全体として今回の訪問で印象的だった点がいくつかあります。一つは、欧州内のアパレル産業の連携の強さ。イタリアではラグジュアリーブランドの背景にいまも産地があることが強みだ、という言葉もありました。つまり、デザイナーと産地が連携しながらそれぞれを鼓舞し、成長していく土壌がある、ということ。他国にアウトソーシングせず、自国内でのものづくりを大切にする姿勢を感じました。
そして、絹文化に対するリスペクトと愛情。シルクを通して世界とつながれるという感覚、そしてシルクへの想いを共有できる仲間は世界にいるということに、とても心動かされました。
帰国してから、国際的に日本の養蚕と絹文化を発信していきたい気持ちがますます高まっています。英語で書かれた日本の養蚕・絹文化の論文・文献が少ない中で、もっと海外に向けた発信や研究活動を加速させたいと思います!
まだまだ書き足りないことがたくさんあります。ということで、11月7日(木)にオンラインで、これまでの私の調査に関する報告と、日本国内の絹産地で実践する方々をゲストにお迎えしたトークイベントを企画中!ご興味ある方は、ぜひ続報をお待ちください(^^)
雑談
道中、イタリアの大学で絹産業を研究する先生に出会ったり、フライトが遅延したことでなんとなく会話した方がイタリアの絹文化に関わっていたり…と、ミラクルな出会いもたくさんありました!
本当に、いろいろと導かれていると感じた日々。すでに、またすぐにイタリアを訪問する予感がするし、ゆくゆくはイタリアに留学しながら現地の実践をたくさん吸収したい、という目標もできました。
お蚕がつないでくれたご縁に本当に感謝。私は、結構真面目に、お蚕が総動員で「このままでは絹自体がなくなる!この状況をなんとか打開してくれ!」とメッセージを発している気がしていて、人間である私はかれらのメッセージを受け取りながら動いている感覚があります。

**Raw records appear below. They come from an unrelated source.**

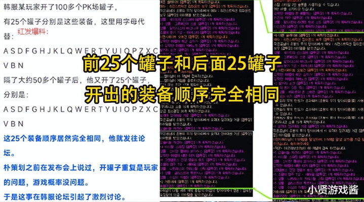不过在时隔没多久,7月出现的大瓜却把主策划的脸给打了,怎么说呢?韩服有玩家开了100多个PK罐子,结果让人意想不到的是,在前面开出25件装备,时隔50多个罐子后,后面开出的25个罐子的装备顺序,居然和前面的25个相同。
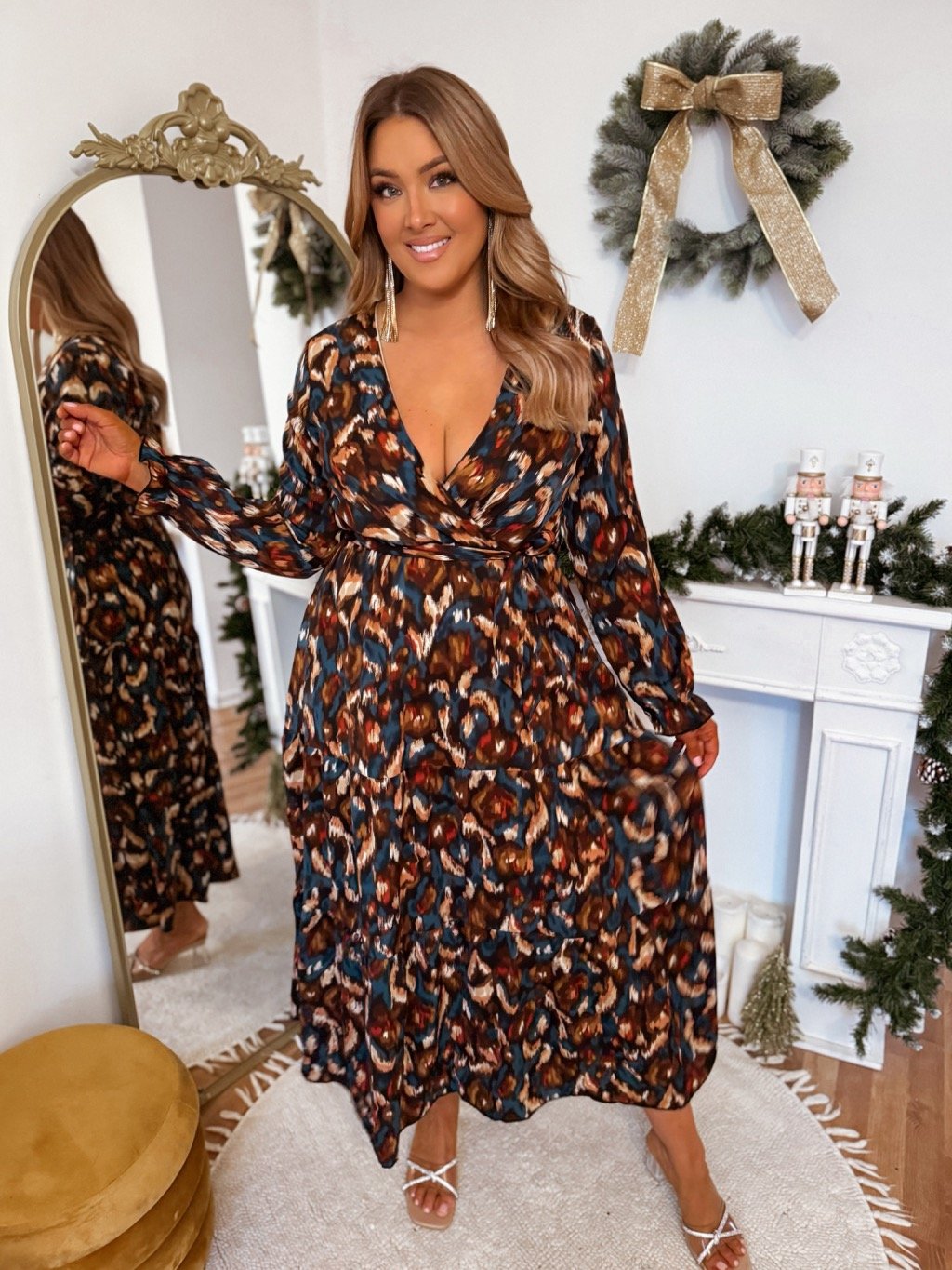 Elegáns, hosszú ujjú, V-nyakú, színes ruha. A mell alatt elasztikus gumipánt található. A modell 168 cm magas és L/XL méretet visel.
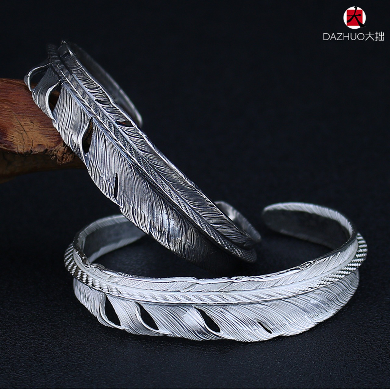 Big Hand Horizon ブルーナバホフェザーブレスレット 925 スターリングシルバービンテージオープンメンズブレスレットハンドメイドシルバーウェア
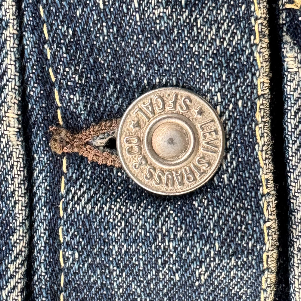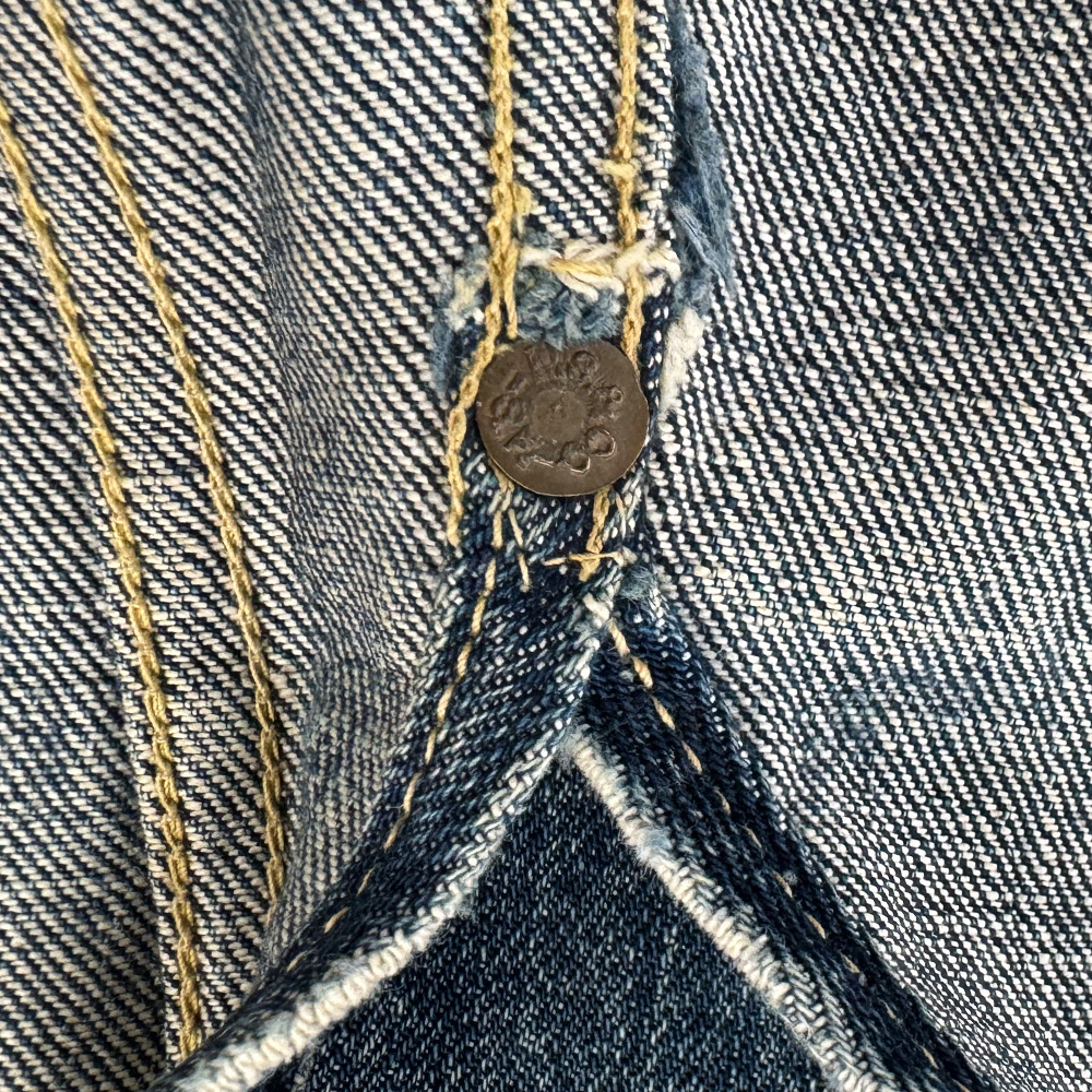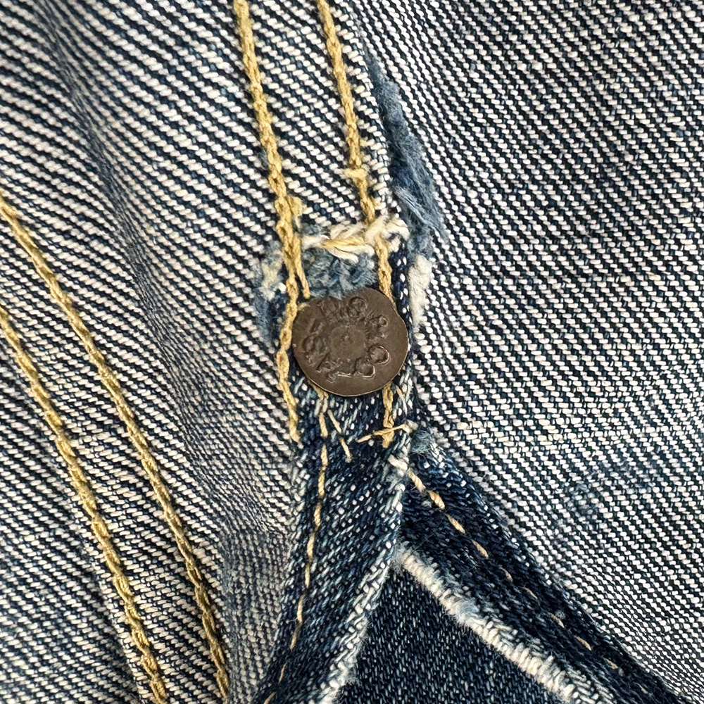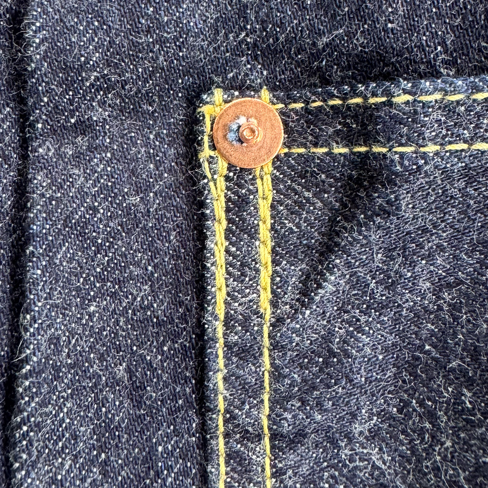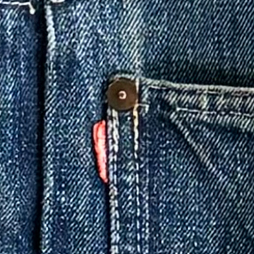 大戦モデルといえば鉄ボタンの採用です。戦時下の物資統制で銅を優先的に減らした過程で生まれた刻印などのない鉄ボタンを採用しています。鉄は錆びることから生地への負担もあり、現在ではあまり使われることがなくなってきており、扱っている会社も少なくなってきています。そんな中でも当然デュードバンチは鉄製ボタンをあしらっていますので、履き込んでいくことで錆び始めたボタンと褪色した生地のコントラストをお楽しみいただけます。※写真の506SXXは過渡期モデルで、ボタンが刻印になっています。

そうやって動いていくと、本当にいろんな方とつながって、シルクのみならず人生における情熱も共有できる仲間になっていくんですよね。
完全家畜のお蚕は、人間がいないと自分で生きていくことができない。だからこそ、人間に対する何かのメッセージを発しているのかな、と思います。私は、そのメッセージを「研究」や「書く」という形で後世に残したいし、だからこそ、それに見合うように色々と頑張りたいです。
まだまだ自分自身の課題も山積みですが、謙虚と感謝の姿勢で、お蚕の導きとともに、これからもシルクロードを突き進みます!